Ketika Sakura masuk ke mobil Sasuke, ia menghela napas dan menghapus air matanya. Kata-kata kejam ayahnya terus terngiang di kepalanya. Ketika ia hanya berdua dengan Sasuke, sulit baginya untuk mengingat bahwa situasi mereka sebenarnya bukan seperti dua orang yang sudah menikah dan yang sedang menunggu bayi mereka lahir. Ia mencintai Sasuke tanpa ragu. Tentu saja, ia tidak mengatakan itu pada Sasuke. Dan kata-kata ayahnya mengingatkannya kembali alasan ia—tepatnya—tidak mengatakan pada Sasuke bahwa ia mencintai pemuda itu; karena pernikahan mereka adalah transaksi uang yang dirancang untuk menenangkan semua pihak.
Sakura tidak mengatakan apa-apa dalam perjalanan pulang dari kampus ke rumah mereka. Sasuke menatap Sakura berulang kali, mengawasi gadis itu yang menghapus aliran air mata yang mengalir di pipinya diam-diam. Ia sangat membenci Haruno Kizashi. Ia belum pernah melihat seorang ayah merendahkan anaknya seperti cara Kizashi meremehkan Sakura—dan ayahnya sendiri yang merupakan pecundang terbesar di planet ini. Ia ingin berteriak dan melempar sesuatu. Ia tidak memilih ini terjadi. Ia tidak memilih untuk menjadi ayah pada usia 22 tahun. Tentu, ia tidak melakukan apapun untuk benar-benar mencegahnya ketika ia memiliki kesempatan, tapi kehidupan ini telah disodorkan padanya. Menikahi Sakura adalah caranya memastikan bahwa anaknya memiliki seorang ayah. Itu tidak akan berubah. Tapi ia tidak menyadari pada saat itu, bahwa Haruno Kizashi akan menggunakan transaksi uang di antara mereka sebagai senjata setiap ada kesempatan untuk merendahkannya. Tapi korbannya bukan dirinya. Ia bisa mengatasinya jika ia adalah korban yang dipilih Kizashi untuk dilukai. Sebaliknya, korban pria paruh baya itu adalah gadis mungil yang sedang hamil dan duduk di sampingnya ini.

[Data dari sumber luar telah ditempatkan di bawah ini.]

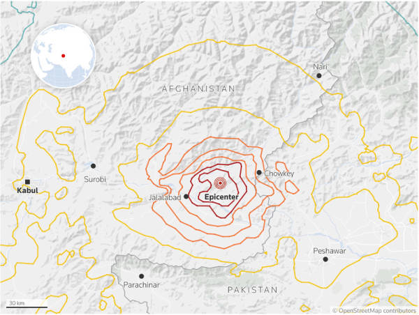 31日凌晨发生的地震发生在阿富汗贾拉拉巴德东北27公里处,震源深度约为8千米。贾拉拉巴德是阿富汗楠格哈尔省一座约有20万人口的繁华城市,位于巴基斯坦边境附近的山区,以地震活动活跃而闻名。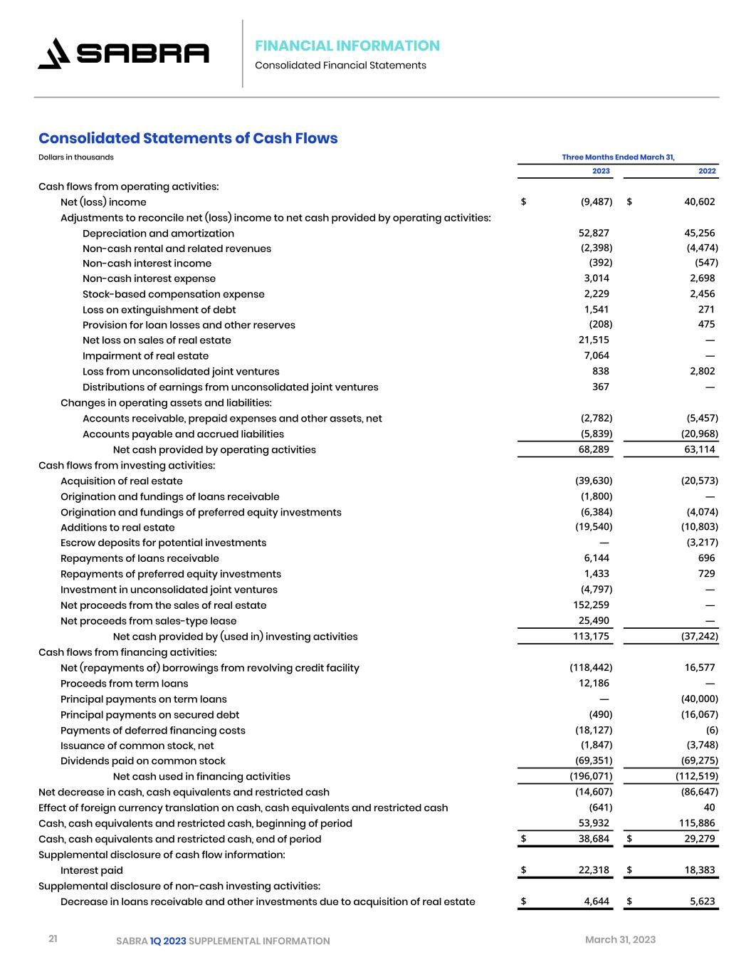 21 SABRA 1Q 2023 SUPPLEMENTAL INFORMATION March 31, 2023 FINANCIAL INFORMATION Consolidated Financial Statements Consolidated Statements of Cash Flows Dollars in thousands Three Months Ended March 31, 2023 2022 Cash flows from operating activities: Net (loss) income $ (9,487) $ 40,602 Adjustments to reconcile net (loss) income to net cash provided by operating activities: Depreciation and amortization 52,827 45,256 Non-cash rental and related revenues (2,398) (4,474) Non-cash interest income (392) (547) Non-cash interest expense 3,014 2,698 Stock-based compensation expense 2,229 2,456 Loss on extinguishment of debt 1,541 271 Provision for loan losses and other reserves (208) 475 Net loss on sales of real estate 21,515 — Impairment of real estate 7,064 — Loss from unconsolidated joint ventures 838 2,802 Distributions of earnings from unconsolidated joint ventures 367 — Changes in operating assets and liabilities: Accounts receivable, prepaid expenses and other assets, net (2,782) (5,457) Accounts payable and accrued liabilities (5,839) (20,968) Net cash provided by operating activities 68,289 63,114 Cash flows from investing activities: Acquisition of real estate (39,630) (20,573) Origination and fundings of loans receivable (1,800) — Origination and fundings of preferred equity investments (6,384) (4,074) Additions to real estate (19,540) (10,803) Escrow deposits for potential investments — (3,217) Repayments of loans receivable 6,144 696 Repayments of preferred equity investments 1,433 729 Investment in unconsolidated joint ventures (4,797) — Net proceeds from the sales of real estate 152,259 — Net proceeds from sales-type lease 25,490 — Net cash provided by (used in) investing activities 113,175 (37,242) Cash flows from financing activities: Net (repayments of) borrowings from revolving credit facility (118,442) 16,577 Proceeds from term loans 12,186 — Principal payments on term loans — (40,000) Principal payments on secured debt (490) (16,067) Payments of deferred financing costs (18,127) (6) Issuance of common stock, net (1,847) (3,748) Dividends paid on common stock (69,351) (69,275) Net cash used in financing activities (196,071) (112,519) Net decrease in cash, cash equivalents and restricted cash (14,607) (86,647) Effect of foreign currency translation on cash, cash equivalents and restricted cash (641) 40 Cash, cash equivalents and restricted cash, beginning of period 53,932 115,886 Cash, cash equivalents and restricted cash, end of period $ 38,684 $ 29,279 Supplemental disclosure of cash flow information: Interest paid $ 22,318 $ 18,383 Supplemental disclosure of non-cash investing activities: Decrease in loans receivable and other investments due to acquisition of real estate $ 4,644 $ 5,623

Selama mengemudi, sebuah gagasan mulai terpikir oleh Sasuke bahwa jika ia mengembalikan uang itu dan keluar dari rumah itu, ia dan Sakura bisa bercerai dan berpisah. Tapi ia masih akan berjuang untuk memastikan ia mendapat hak kunjungan sehingga putranya tahu bahwa ayahnya tetap mencintainya. Kemudian Haruno Kizashi akan keluar dari hidupnya dan tidak bisa lagi menggunakan uang itu sebagai cara untuk menyakiti Sakura. Tapi itu berarti ia harus meninggalkan Sakura sendiri. Dan ia sangat takut setelah empat bulan pernikahan yang sangat palsu tapi terasa sangat nyata ini, ia tidak akan bisa mengucapkan selamat tinggal pada Sakura tanpa merasa ingin mati.
Ketika Sasuke membelokkan mobil ke halaman rumah mereka, ia menyingkirkan pikiran itu dari benaknya. Hari mereka yang sempurna hancur dan sekarang ia harus mengumpulkan potongan-potongan itu dan mencoba untuk melakukan yang terbaik dari itu.

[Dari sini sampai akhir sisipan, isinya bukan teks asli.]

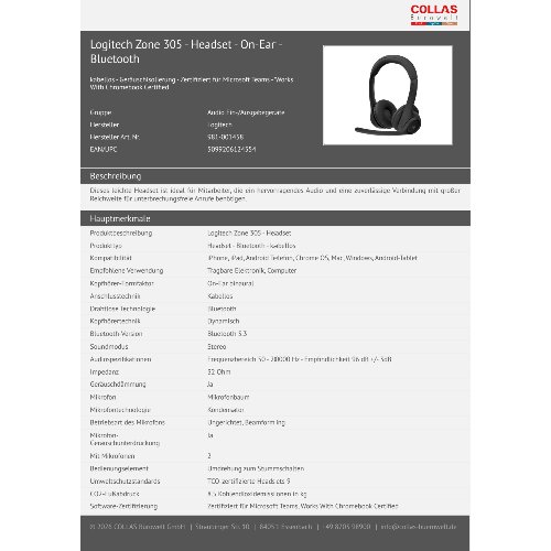 Jetzt anmeldenProduktinformationen "Logitech Zone 305 - Headset - On-Ear - Bluetooth"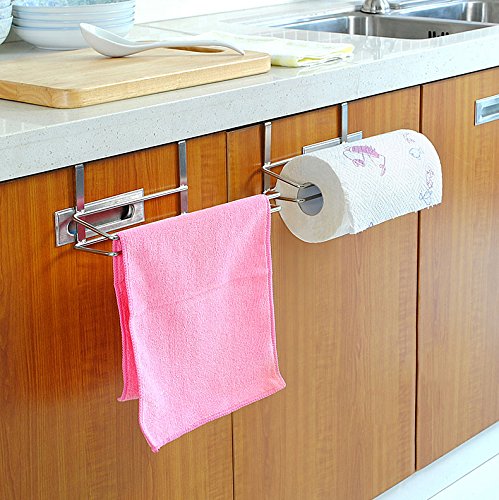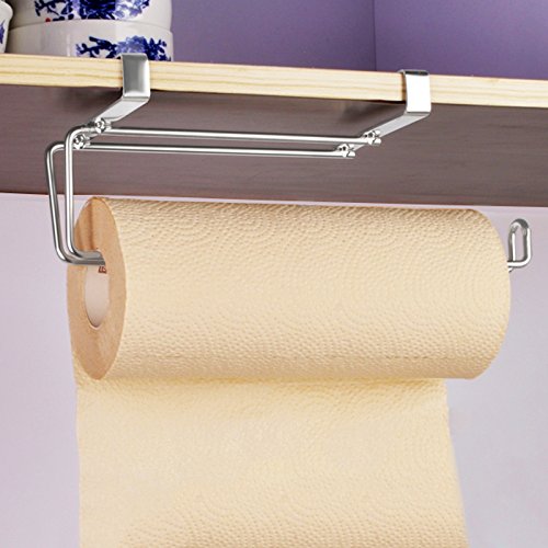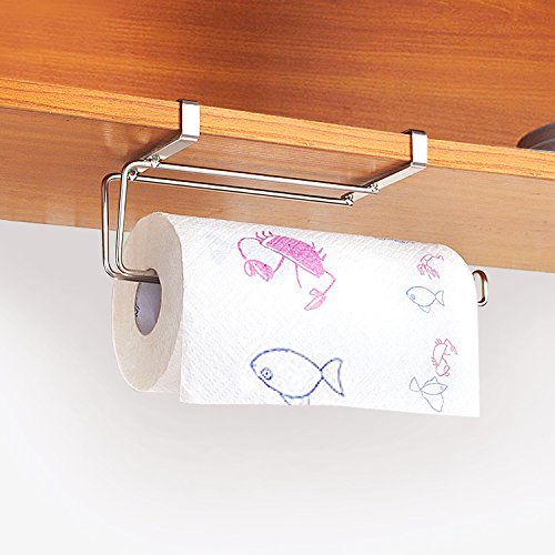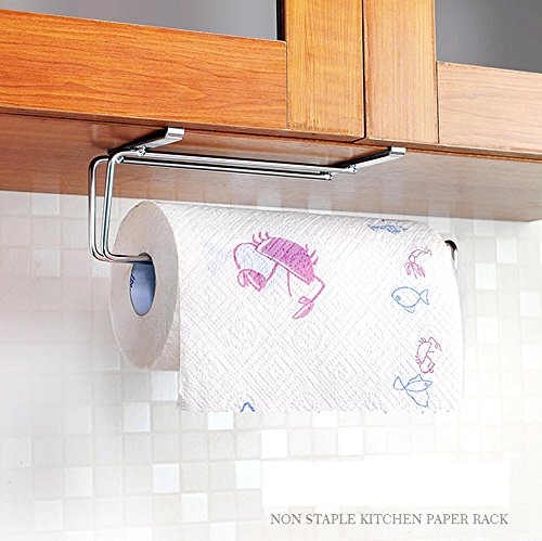 - EAST TO INSTALL AND USE: Fit perfectly on your cabinets without having to drill any holes in the cabinet door. It is easy to add and remove the paper towel rolls, curved end design let you never worry that the paper rolls will drop down.

Di halaman rumah, Sakura memperhatikan beberapa mobil ada di sana. Ia memandang Sasuke dengan bingung, yang menatap lurus ke depan dan menolak untuk bertemu matanya. Ia sekilas melihat pintu depan terbuka dan kepala Mikoto mencuat keluar sebelum cepat-cepat menghilang dan pintu terbanting tertutup lagi.
Sakura menoleh ke arah Sasuke, warna merona kembali ke pipinya. "Uchiha Sasuke? Apa kau merencanakan pesta kejutan untukku?"

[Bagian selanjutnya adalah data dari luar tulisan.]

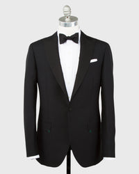 This tuxedo is the black-tie and peak-lapel version of our classic Kincaid suit in a refined wool mohair from England with silk grosgrain trim. The No. 3 make has full canvas construction — the sine qua non of tailoring — with a special, structured 3-layer canvas that'll mold and meld to your body over time. While the jacket has a more formal single-button closure, it has the same Italian-leaning style of the other Kincaids with a natural shoulder and a shorter, darted body with a little tracing. The trousers are cut in our original plain-front shape to complement the jacket, with side-adjuster tabs at the waist and a grosgrain stripe down the sides. We think it's the kind of tux you'll get excited about wearing… and a real upgrade from the ghosts of rentals past. Just like all of our tailored clothing, it's designed to take you to black-tie events in Mississippi, Manhattan, and Milan (and beyond) without looking or feeling out of place.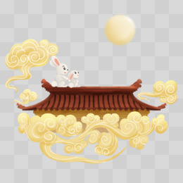 手绘卡通在屋顶上赏月的兔子 免抠元素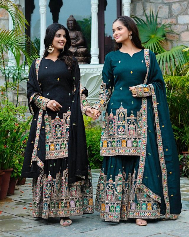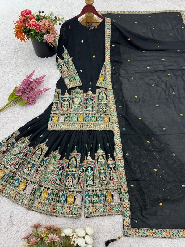 *Gharara Fabrics* : *Heavy Chinon Silk With Heavy Embroidery Sequence Work*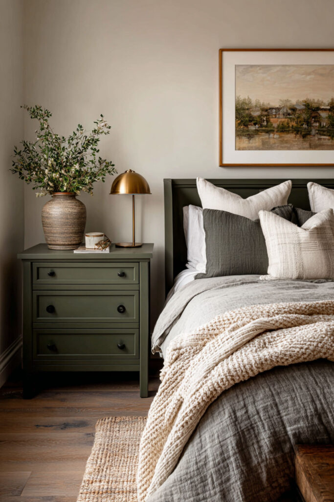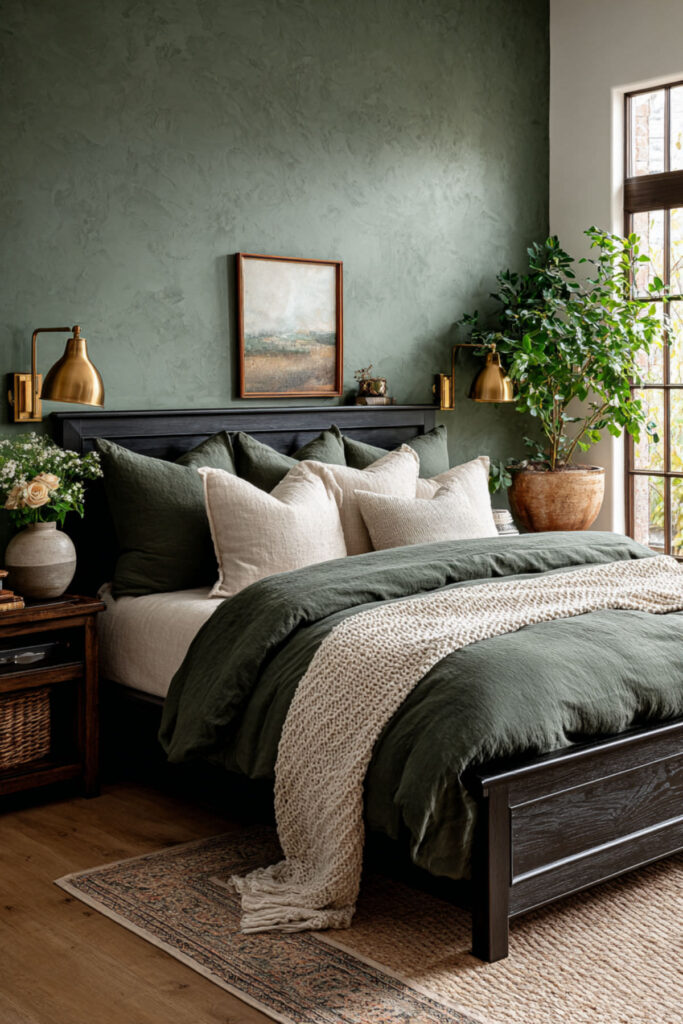 Moss green is a shade that doesn’t get nearly enough attention. It’s softer than forest green but warmer than sage, and it has this earthy, lived-in quality that makes a room feel like it’s been cozy forever. For moms who want an earthy bedroom that doesn’t feel too dark, moss green hits the sweet spot. Layer it with organic cotton bedding, a jute rug, and linen curtains in a raw, unbleached tone. I recommend a mossy green bedroom throw pillow set in different textures — velvet, linen, maybe even a cable knit. The variation in texture makes the monochrome palette feel rich instead of flat. Add a few dried eucalyptus stems in a simple vase and the room starts to smell as good as it looks.

Sasuke menoleh menghadap Sakura, mengangkat alisnya, "Mungkin... Kau pantas mendapatkan semacam perayaan hari ini. Ini hari yang besar, meskipun ada banyak sekali yang terjadi."
Sasuke meraih ke seberang kursi dan mencium Sakura, merasakan air mata mengalir di mata gadis itu lagi. Tapi kali ini air mata itu bukan karena ayahnya, tapi karena Sasuke yang telah melakukan sesuatu yang begitu indah baginya.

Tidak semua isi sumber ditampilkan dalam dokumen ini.